# Betty Cooper?????



## smoke665 (Jan 21, 2022)

If you're as old as I am then you know Betty Cooper was the original object of Archie's childhood affections. If you don't, well we're probably on different wave lengths entirely. I've been on a kick with Pop Art exploration in PS. I've used techniques and tools within PS that I truthfully have never used before. I'm grateful for the knowledge, as some of them I won't be forgetting to use in the future. Anyhow took this last year thought it would work well for a "Comic Book" effect, my first attempt at this style of editing.

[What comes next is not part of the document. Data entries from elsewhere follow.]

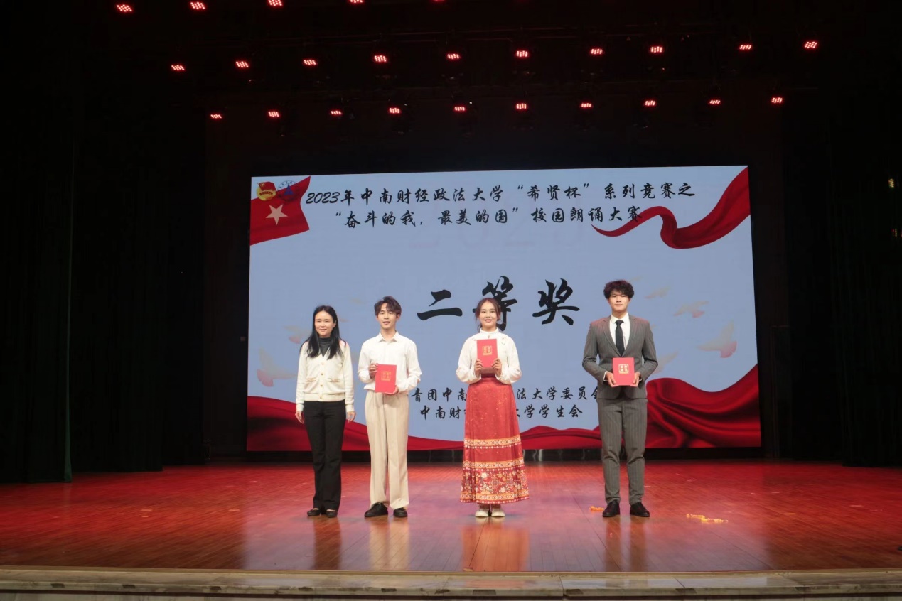 新闻网讯(学生通讯员 朱彬彬 黄芷妍)博文明理,齐咏中南,厚德济世,共赞中华。为弘扬爱国主义精神,发扬勤勉美德,2023年12月10日下午2点,2023年“希贤杯”系列竞赛之“奋斗的我,最美的国”校园朗诵大赛决赛在南湖校区艺体中心音乐厅举行。史淋尹、来安然、邵子谦、晏家宁四位同学以节目《河床》代表我院参与“希贤杯”校园朗诵大赛。
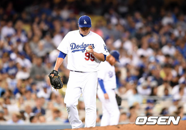 8일(한국 시각) 미국 캘리포니아주 로스앤젤레스 다저스타디움에서 열린 '2016 메이저리그' LA 다저스와 샌디에이고 파드리스의 경기, 다저스 류현진이 4회초 추가실점을 한 후 아쉬워 하고 있다.
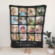 Erstellen Sie eine personalisierte Sherpa-Sake-Decke für Ihre Mutter mit 16 runden quadratischen Rahmen, die Fotos ihrer Kinder, Familie, Haustiere, Reisen oder andere besondere Erinnerungen und zwei Zeilen anpassbaren Textes, wie "We Liebe You Mama" und die Namen ihrer Familienmitglieder, in eleganter weißer Typografie auf schwarzem Hintergrund.
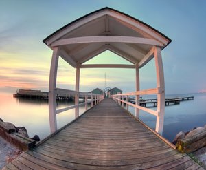 Seabath Pública - HDR, Nyberg, banho, calçadão, costa, costa, entrada, fisheye, hdr, litoral, oceano, ou, pier, portal, público, sol, sunraise
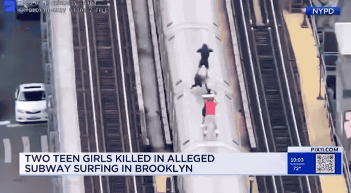 美国13岁白人女孩闲得难受作死:地铁冲浪当场摔死!近日,两名少女在布鲁克林地铁站

Enjoy



Little Betty by William Raber, on Flickr


----------



## terri (Jan 22, 2022)

You're lucky to have this willing model!   She looks great!


----------



## K9Kirk (Jan 22, 2022)

It's a cool, fun shot. Nicely done, I think.


----------



## smoke665 (Jan 22, 2022)

I mentioned this in the post, but maybe should have spelled it out better. This was one of a Valentine's Series shot last year, I tried to find the original TPF listing but it evaded me. The one posted here is a rework of that original as a Pop Art Comic Book Effect.


----------



## Jeff15 (Jan 22, 2022)

Nice shot.....


----------



## mndmeld (Jan 27, 2022)

This is awesome!


----------



## snowbear (Jan 27, 2022)

Cool shot.

The original may be victim of the big hack.


----------



## smoke665 (Jan 27, 2022)

snowbear said:


> Cool shot.
> 
> The original may be victim of the big hack.



The original was posted last year, and was better by far. This was a learning experiment to emulate a "comic book" halftone effect. A process that needs a lot of refinement yet.


----------



## jeffashman (Jan 29, 2022)

That's a fantastic shot!


----------